There are warm but rainy Spring and Fall seasons, and Spring seasons from February to May can have tornadoes and rotating thunderstorms.
In the course of the year, the weather is mostly cloudy and rainy, and the temperature hardly drops below 35°F. It ranges from 47°F to 89°F.
As a region with flat terrain, Houston city is prone to flooding, especially from May to October, and there may be tropical storms and hurricanes
June has the most rainfall and precipitation of more than 0.04 inches and 4.5 inches, respectively.
METRORail and METRO Bus systems provide mass transit services, and the BCycle bike-share system has several stations. There are skywalks, tunnels for pedestrians, and dedicated trails for mountain biking and hiking.
Houston has major interstate highways such as the I-10, I-45, I-69, and I-610, which is known as The Loop. Other highways and routes include Beltway 8, Texas 225, US 59, US 90, and Hardy Toll Road. I-10, which borders the Memorial Park Trail Group, is the interstate highway that will allow you access to a combination of two-way bike trails, such as the Purple and Red trails for beginners and the Orange trail for intermediate riding.
Port of Houston is ranked first in the country by cargo volume, and the nearest airports are George Bush Intercontinental Airport and William P. Hobby Airport, which are in the north and south of downtown Houston.

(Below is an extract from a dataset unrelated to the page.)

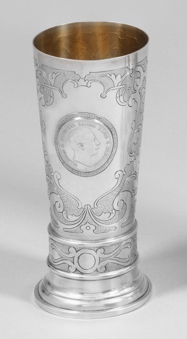Silber. Mehrfach profilierter, getreppt ansteigender Hohlstand, übergehend in konische, hohe Kuppa. Die Wandung verziert mit C-Schwüngen, stilisierten Früchtebuketts und Blattwerk über punziertem Grund. Schauseitig eingelassene 5-Mark-Münze, mit Kaiser Wilhelm II. von Preußen von 1902. Innen vergoldet. Gest. 800, Herstellerzeichen. Gew. ca. 370 g. H. 18 cm.

Houston has one of the tallest skyscrapers and skyline. As a large and culturally diverse city, Houston has countless attractions for vacation besides the beaches. Sports and museums for art cars, the Holocaust, fine art, and even funeral history. They include:
The Cypress Creek Trail is 9.5 miles long and includes wooden drops, pavers, and an upland forest. 100-Acre Wood Preserve is along the way, and the route offers plenty of starting points, varied sections, and technical challenges that would be suitable for intermediate riders.
River Bend Trails has many turns, including blind ones, but they are great for fast riding because they are singletrack with few roots and rocks.
The loop consists of a series of singletrack loops on sandy terrains in a forest shaded by pines. It features marked road crossings, and you can pass over some trails, such as RCW Loop, to shorten the ride or opt for DLRA Trail, therefore making it easy for newbies.